Competing Interests: The authors have declared that no competing interests exist.

Figures

**Figure 1. E₂ differentially modulates inducible HLA-DR expression in ERα⁺ and ERα⁻ breast cancer cell lines.**
MDA-MB-231, SK-BR-3, MCF-7, BT-474, and T47D were cultured in E₂-depleted media, treated with vehicle (ethanol) or E₂ (10⁻⁹ M) and stimulated or not with IFN-γ (100 U/ml) for 96 hours. (A & E) HLA-DR cell surface expression (L243) was analyzed by flow cytometry: grey line, isotype control; black line, constitutive expression; shaded histogram, IFN-γ induced expression. (B & F) Bar graphs represent the MFI (mean florescence intensity) ± SEM for HLA-DR expression of three independent experiments. (C & G) Western blot analysis was performed on cytoplasmic and nuclear extracts for ERα expression (HC-20) and on cytoplasmic extracts for HLA-DRα (TAL 1B5). Protein loading controls included α-tubulin (B-7) and P84 (5E10) for cytoplasmic and nuclear proteins, respectively. (D & H) Bar graphs show the ratio of band intensity for HLA-DRα, normalized to the α-tubulin band intensity and represent the mean ± SEM of three independent experiments (*p<0.05, **p<0.01, ***p<0.001).

**Figure 2. IFN-γ inducible HLA-DR is down regulated in the ERα⁺ transfected breast cancer cell line, MC2.**
MDA-MB-231 clone 10A (MDA-231 c10A), VC5 (MDA-231 c10A, transfected with the empty plasmid vector) and MC2 (MDA-231 c10A, transfected with wild type *ESR1*) were cultured in E₂-depleted medium and stimulated or not with IFN-γ (100 U/ml) for 96 hours. (A) HLA-DR cell surface expression (L243) was analyzed by flow cytometry: grey line, isotype control; black line, constitutive expression; shaded histogram, IFN-γ induced expression. (B) Bar graphs represent the MFI ± SEM for HLA-DR expression of three independent experiments (***p<0.001). (C) Western blot analysis was performed on whole cell lysates for HLA-DRα (TAL 1B5) and ERα (HC-20).

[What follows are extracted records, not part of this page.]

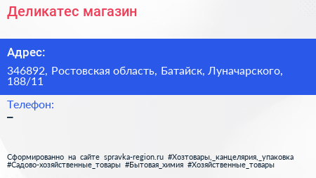 Деликатес, магазин по адресу 346892, Ростовская область, Батайск, Луначарского, 188/11 в дальнейшем Организация, размещена в следующих категориях:
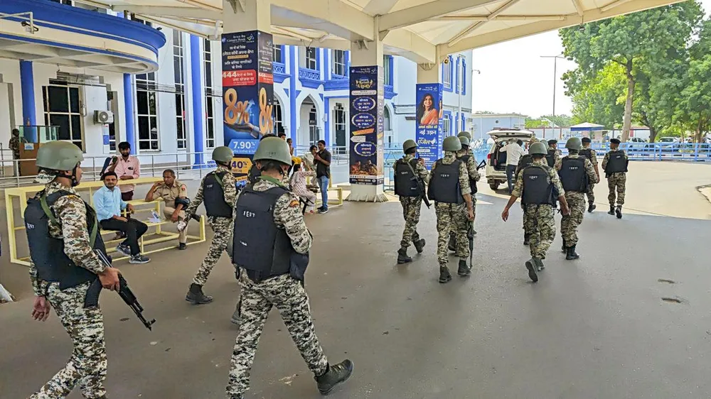 Lực lượng an ninh đến hiện trường máy bay bị đe doạ đánh bom tại Jodhpur, Ấn Độ. Ảnh: PTI
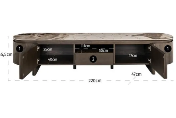 Tv-meubel Langford van het merk Richmond Interiors is een stijlvol meubel dat luxe en warmte samenbrengt.
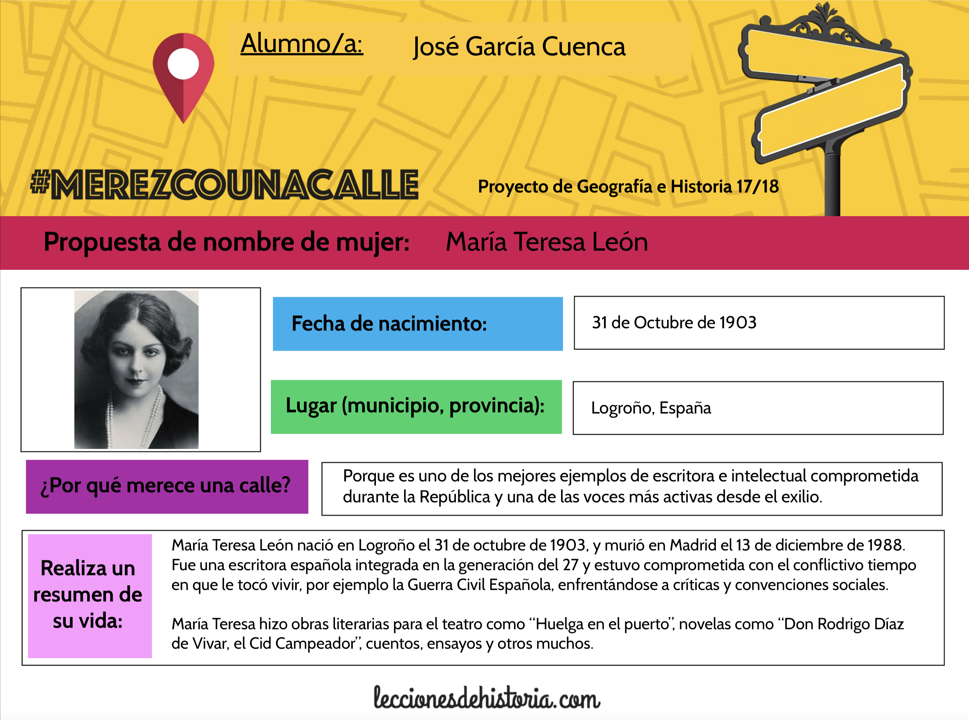- CALLE Mª TERESA LEÓN: escritora española integrada en la generación del 27.
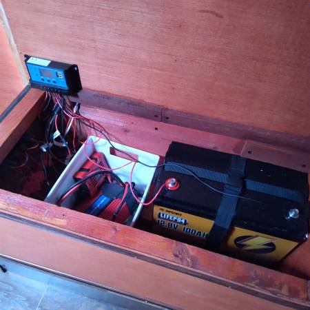 1500W 110v inverter and brand new 100Ah LiFePO4 battery.
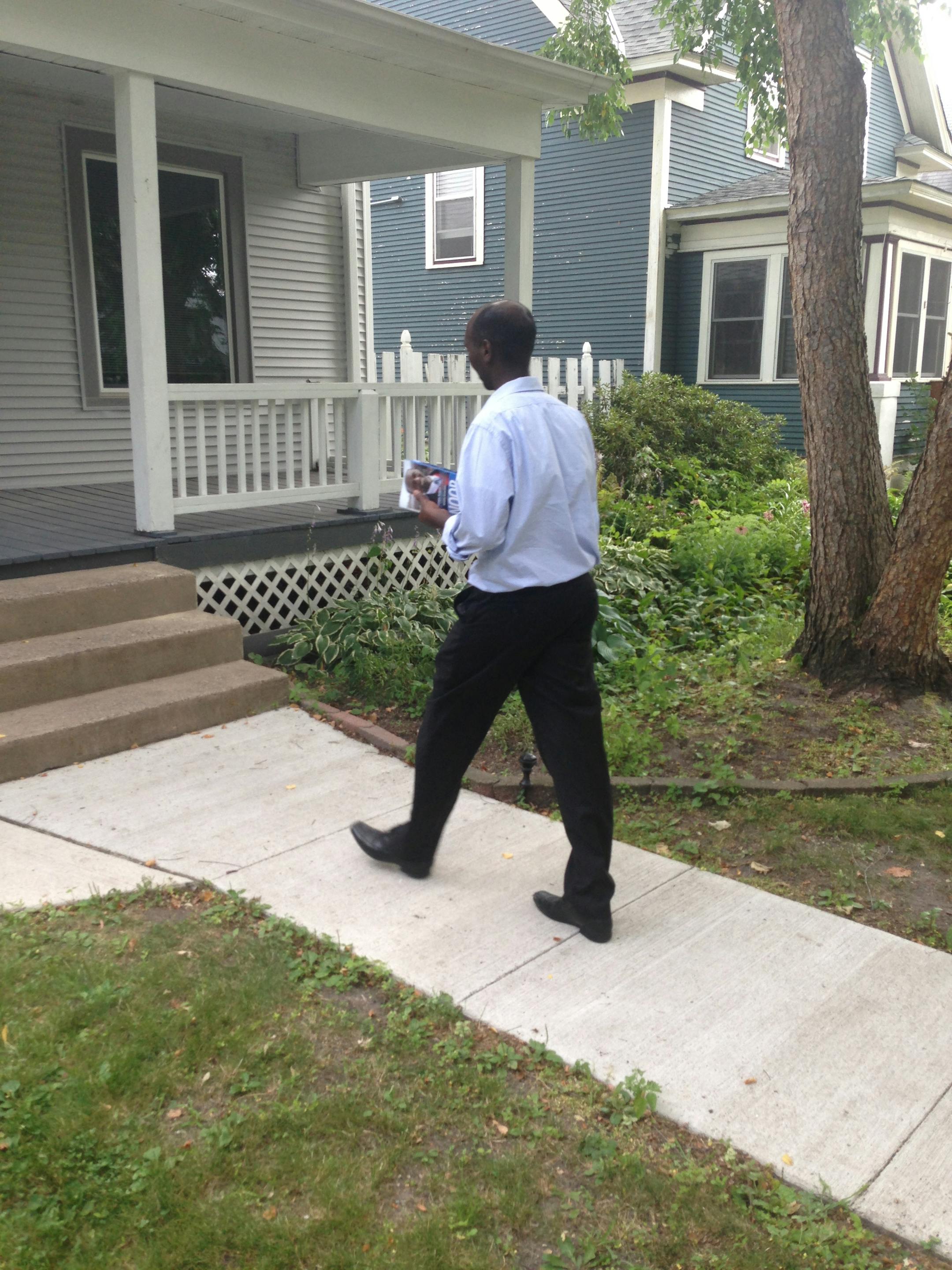 "Hi there .. My name is Mohamud Noor," he says, walking right up to the voter sitting outside.

**Figure 3. Coordinate downregulation of IFN-γ inducible HLA-II expression by E₂ is reversed by ICI-mediated degradation of ERα in MC2 cells.**
VC5 and MC2 cells were cultured in E₂-depleted media, treated with vehicle (ethanol), E₂ (10⁻⁹ M) or/and ICI (10⁻⁶ M) followed by stimulation with IFN-γ (100 U/ml) for 96 hours. HLA-II expression was analyzed by surface flow cytometry using (A) anti-DR, (L243), and intracellular flow cytometry using (B) anti-DM (Map.DM1) and (C) anti-Ii (LN2). Bar graphs represent the MFI ± SEM of three independent experiments. (*p<0.05, **p<0.01). (D) Western blot analysis was performed on whole cell extracts using for HLA-DRα (TAL 1B5), HLA-DM (TAL18.1) and Ii (LN2); GAPDH (Ab8245) is the protein loading control. Bar graphs show the ratio of band intensities, normalized to GAPDH band intensities and represent the mean ± SEM ratio of three independent experiments: (E) HLA-DRα/GAPDH (F) HLA-DM/GAPDH, and (G) Ii/GAPDH (* p<0.05, ** p<0.01).

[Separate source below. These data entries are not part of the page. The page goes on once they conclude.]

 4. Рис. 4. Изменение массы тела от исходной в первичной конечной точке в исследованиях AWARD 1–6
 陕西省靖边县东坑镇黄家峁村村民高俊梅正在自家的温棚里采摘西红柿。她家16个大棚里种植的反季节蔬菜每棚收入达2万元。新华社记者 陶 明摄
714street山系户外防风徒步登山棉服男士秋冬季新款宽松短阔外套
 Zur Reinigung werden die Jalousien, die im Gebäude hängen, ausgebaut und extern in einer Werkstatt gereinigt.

**Figure 4. E₂-ERα signaling down regulates CIITA protein and mRNA expression in ER⁺ BCCL.**
VC5 and MC2 cells were cultured in E₂-depleted media, treated with vehicle (ethanol), E₂ (10⁻⁹ M) or/and ICI (10⁻⁶ M) and stimulated or not with IFN-γ (100 U/ml) for 24 and 4 hours, for CIITA protein and mRNA expression, respectively. (A) Western blot analysis was performed on cytoplasmic and nuclear extracts for CIITA (antiserum #21) and ERα (HC-20). (B) Cytoplasmic CIITA and nuclear CIITA were normalized to GAPDH and P84 respectively; bar graphs represent the mean ± SEM ratio of three independent experiments (**p<0.01). (C) CIITA mRNA was relatively quantified by real time PCR using Taqman gene expression assay. GAPDH was used as an endogenous control and the data were expressed relative to a control B cell line (RAJI). Bar graphs represent the mean ± SEM of three replicate assays (**p<0.01).

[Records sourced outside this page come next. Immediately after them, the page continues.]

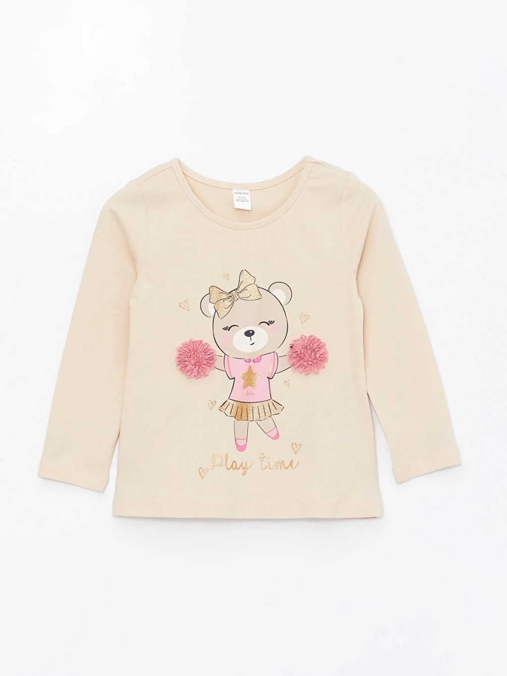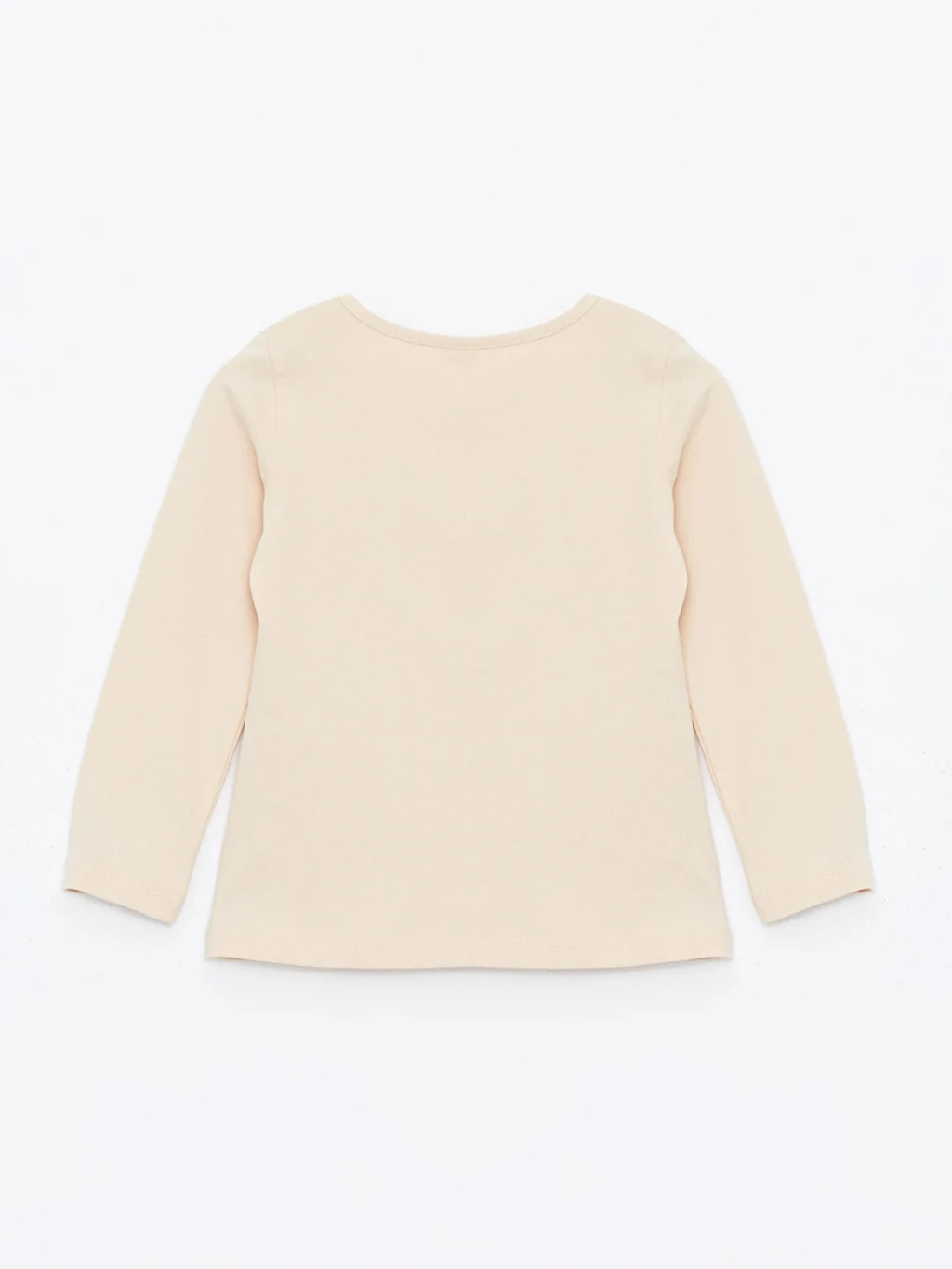 Bisiklet yaka baskılı uzun kollu kız bebek tişört. Bebeğinizin rahatlığını ve tarzını ön plana çıkarır. Hem günlük giyimde hem de özel anlarda mükemmel bir seçenektir.
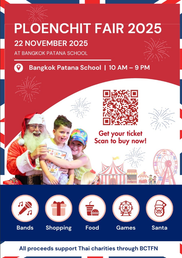 The Ploenchit Fair will take place at Bangkok Patana School, with rides, games, stage entertainment and food. Santa will drop by for family photos and a range of vendors offer an opportunity for you to get some unique Christmas gifts. The fair runs from 10.00am until 9.00pm and you can purchase tickets at the gate. www.ploenchitfair.com All proceeds of the fair go to the Thai charities.
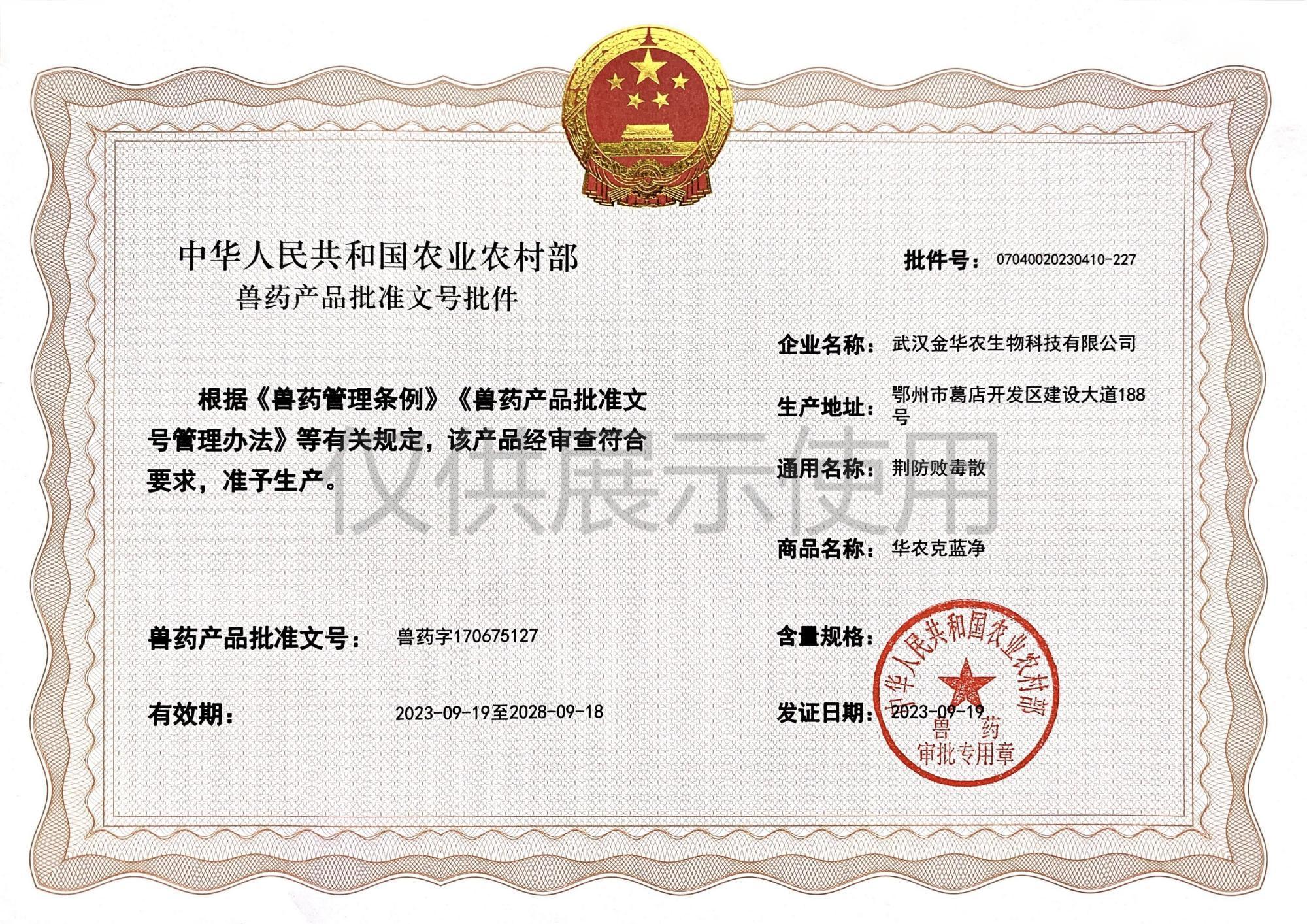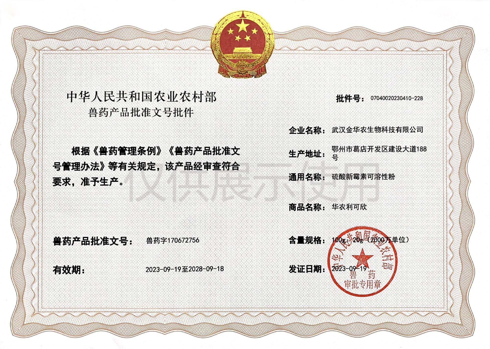 近日,我司申報的新獸藥“華農(nóng)感康靈”(荊防敗毒散)、“華農(nóng)利可欣”(20%硫酸新霉素可溶性粉)正式獲批,并獲得國農(nóng)業(yè)農(nóng)村部頒發(fā)的新獸藥產(chǎn)品批準文號批件。

**Figure 5. Silencing ERα with ESR1 siRNA reversed the inhibitory effect of E₂ on CIITA expression.**
(A) ERα was silenced (*ESR1* siRNA) or not (scrambled siRNA) in MC2; VC5 served as an ERα negative cell control. Cells were treated with vehicle (ethanol) or E₂ (10⁻⁹ M) and stimulated or not with IFN-γ (100 U/ml) for 24 hours. Nuclear lysates were prepared and probed for CIITA (anti-serum #21), ERα (HC-20), and p84. Each figure represents one of three individual experiments. (B) *ESR1* siRNA and scrambled siRNA transfected MC2 cells were treated with either vehicle (ethanol) or E₂ (10⁻⁹ M) followed by stimulation with or without IFN-γ (100 U/ml) for 4 hours and CIITA mRNA was relatively quantified by real time PCR using Taqman gene expression assay. GAPDH was used as an endogenous control and the data were expressed relative to a control B cell line (RAJI). Bar graphs represent the mean ± SEM of three replicate assays (*** p<0.001).

**Figure 6. E₂-ERα signaling pathway interferes with CIITA pIV activity in MC2.**
VC5 and MC2 cells were cultured in E₂-depleted media followed by transfection with CIITA pIV luciferase constructs. On the following day, cells were treated with vehicle (ethanol), E₂ (10⁻⁹ M) and/or ICI (10⁻⁶ M), and stimulated or not with IFN-γ (100 U/ml) for 12 hours. Data are expressed as fold induction over the PGL2 Basic empty plasmid after controlling for transfection efficiency using cells dual transfected with GFP (Green Florescent Protein). The effect of ERα on the transcription activation of CIITA PIV was determined from relative luciferase activities in transfected MC2. Error bars represent the mean ± SEM of three independent experiments (**p<0.01).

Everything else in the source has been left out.